2. Generate Response: Based on the summarized information, the agent crafts an appropriate response to the email chain.
print(agent.chat(
"Summarize the email chain with julian and create a response to the last email that confirms all the details"
))
Added user message to memory: Summarize the email chain with julian and create a response to the last email that confirms all the details
=== Calling Function ===
Calling function: gmail_search with args: {"query":"from:Julian","max_results":1,"query_str":"Summarize the email chain with Julian and create a response to the last email confirming all the details"}
Got output: The email chain with Julian involved a change in an event scheduled for Friday, August 6, 2021, from 15:30 to 16:00 United Kingdom Time on Google Meet. The instructions for joining were provided in the description. The email also included contact information for joining the meeting. Julian and Nassar were listed as attendees, with Julian being the organizer. The email was authenticated and passed SPF and DKIM checks.

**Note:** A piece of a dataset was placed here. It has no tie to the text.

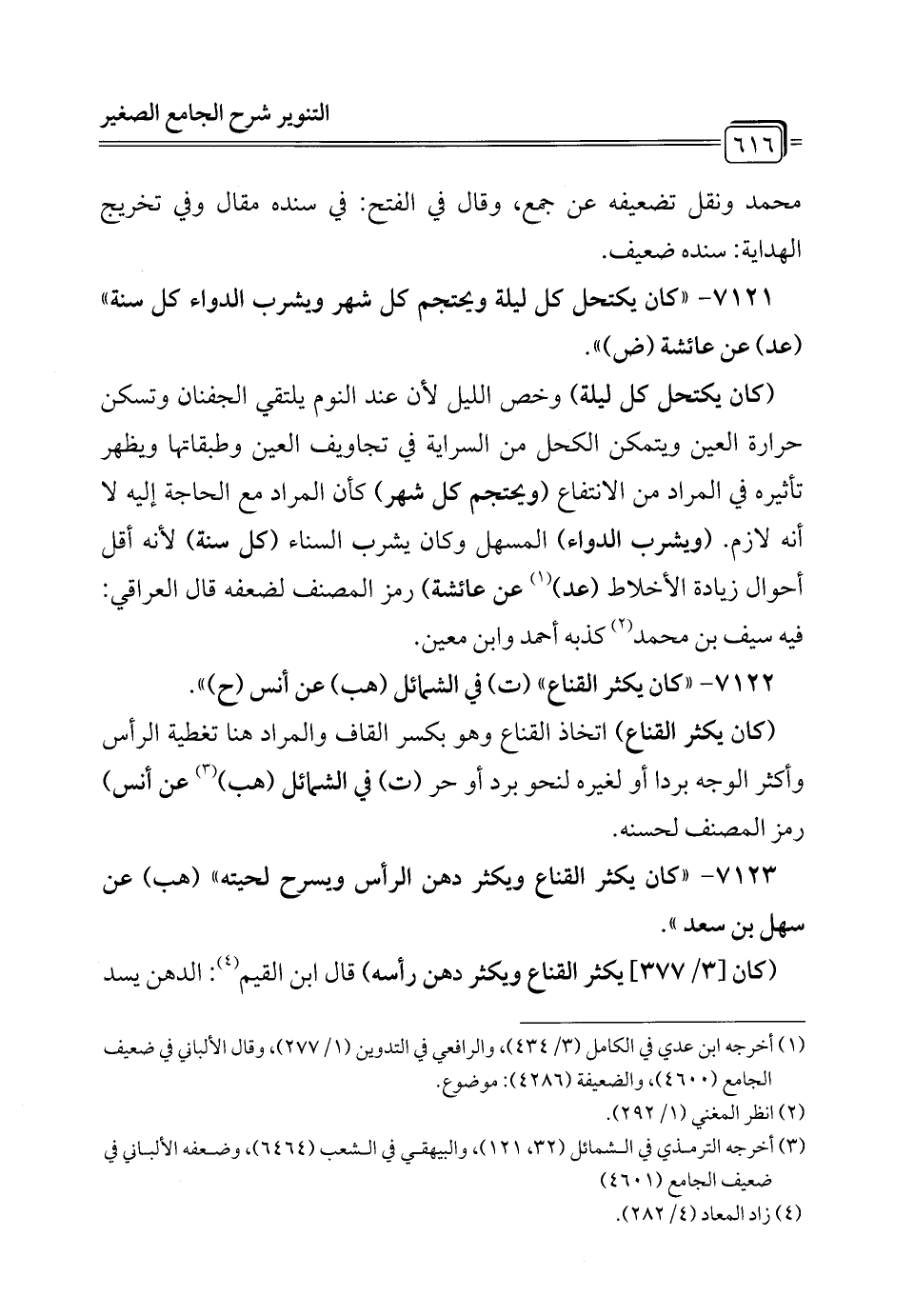 7121 - "كان يكتحل كل ليلة ويحتجم كل شهر ويشرب الدواء كل سنة" (عد) عن عائشة (ض) ".

In response to the last email, I would confirm all the details of the event change, reiterating the date, time, platform (Google Meet), and any specific instructions provided. I would express gratitude for the update and confirm attendance at the revised event timing.
========================
Based on the email chain with Julian, here is a summary:
- The event scheduled for Friday, August 6, 2021, has been changed from 15:30 to 16:00 United Kingdom Time on Google Meet.

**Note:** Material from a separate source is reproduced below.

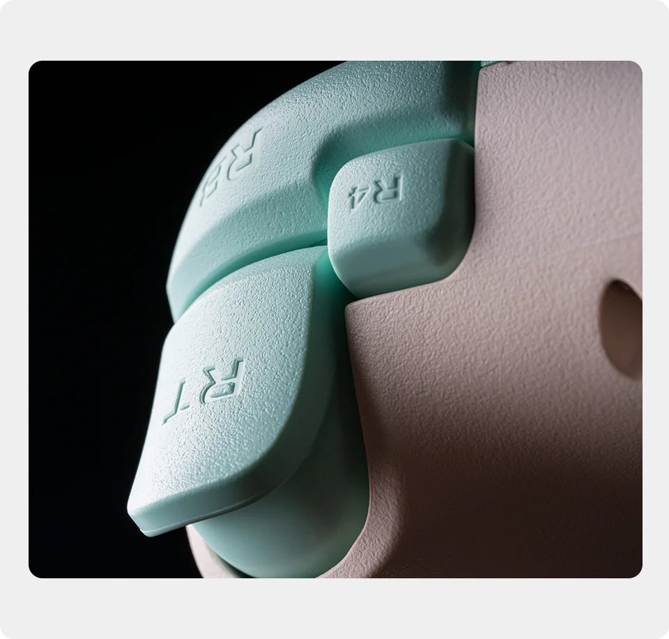 Recalibrado para una sensación de clic pero suave. Ligero pero táctil.

- Instructions for joining the meeting were provided in the email.
- Attendees included Julian and Nassar, with Julian as the organizer.
- The email passed SPF and DKIM checks.
To respond and confirm all the details, you can mention the revised event date and time, the platform (Google Meet), and express gratitude for the update. Confirm your attendance at the new timing. Let me know if you would like me to draft the response email for you.
3. Send Email through MultiOn: Finally, the generated response is passed to the MultiOn agent, which manages the action of sending the email through the web browser.
print(agent.chat(
"pass the entire generated email to the browser and have it send the email as a reply to the chain"
))
Added user message to memory: pass the entire generated email to the browser and have it send the email as a reply to the chain
=== Calling Function ===
Calling function: browse with args: {"cmd": "Compose a reply email to Julian confirming the event change to Fri 6 Aug 2021 from 15:30 to 16:00 UK Time on Google Meet. Express readiness to attend and thank Julian for the details."}
Got output: Email response sent to Julian
========================
Next Steps
MultiOn is an officially supported tool on LlamaHub, the central page for all LlamaIndex integrations (from tools to LLMs to vector stores). Check out the LlamaHub page here.
If you’re interested in running through this tutorial on building a browser + Gmail-powered agent yourself, check out our notebook.
The integration of MultiOn and LlamaIndex offers a powerful toolkit for developers aiming to automate and streamline online tasks. As these technologies evolve, they will continue to unlock new potentials in AI application, significantly impacting how developers interact with digital environments and manage data.